— SUPPLIED MATERIAL —

* * * *

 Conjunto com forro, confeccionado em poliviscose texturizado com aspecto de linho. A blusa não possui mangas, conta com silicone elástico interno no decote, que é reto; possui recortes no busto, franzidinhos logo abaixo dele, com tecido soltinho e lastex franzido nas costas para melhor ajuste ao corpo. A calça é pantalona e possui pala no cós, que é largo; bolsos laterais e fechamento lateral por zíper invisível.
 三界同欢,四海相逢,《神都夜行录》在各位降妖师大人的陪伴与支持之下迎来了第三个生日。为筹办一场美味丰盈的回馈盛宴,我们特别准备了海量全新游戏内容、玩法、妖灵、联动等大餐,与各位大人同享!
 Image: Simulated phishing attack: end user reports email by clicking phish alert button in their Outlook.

* * * *

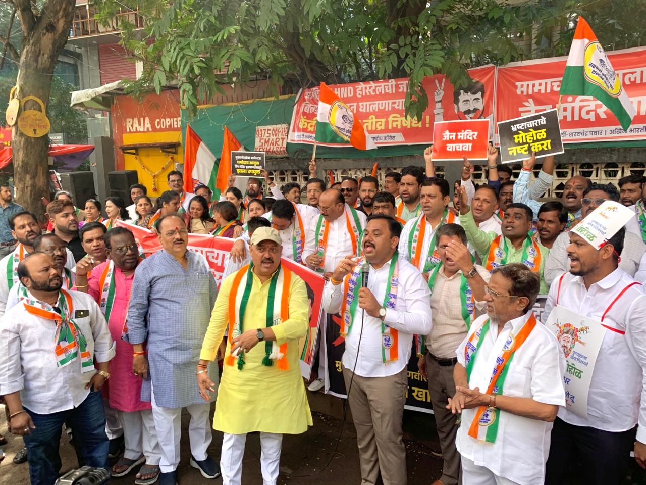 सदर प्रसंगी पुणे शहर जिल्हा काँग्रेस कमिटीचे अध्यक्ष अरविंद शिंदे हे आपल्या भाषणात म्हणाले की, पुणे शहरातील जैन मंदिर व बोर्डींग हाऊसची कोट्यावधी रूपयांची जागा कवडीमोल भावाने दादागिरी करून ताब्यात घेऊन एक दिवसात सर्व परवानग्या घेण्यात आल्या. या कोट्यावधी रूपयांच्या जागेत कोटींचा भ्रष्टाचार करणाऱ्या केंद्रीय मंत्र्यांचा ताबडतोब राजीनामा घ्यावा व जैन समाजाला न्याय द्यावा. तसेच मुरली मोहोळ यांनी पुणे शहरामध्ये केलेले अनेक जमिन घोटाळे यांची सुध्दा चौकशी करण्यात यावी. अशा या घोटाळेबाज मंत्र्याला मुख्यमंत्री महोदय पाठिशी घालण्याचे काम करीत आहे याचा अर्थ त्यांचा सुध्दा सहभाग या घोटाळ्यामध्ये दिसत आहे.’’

* * * *

— PROMPT —
Everything from the line with "三界同欢,四海相逢,《神都夜" through the line with "Image: Simulated phishing" should be written out exactly as it appears above, end lines included, and nothing outside that range.

— ANSWER FOR THE TASK —
 三界同欢,四海相逢,《神都夜行录》在各位降妖师大人的陪伴与支持之下迎来了第三个生日。为筹办一场美味丰盈的回馈盛宴,我们特别准备了海量全新游戏内容、玩法、妖灵、联动等大餐,与各位大人同享!
 Image: Simulated phishing attack: end user reports email by clicking phish alert button in their Outlook.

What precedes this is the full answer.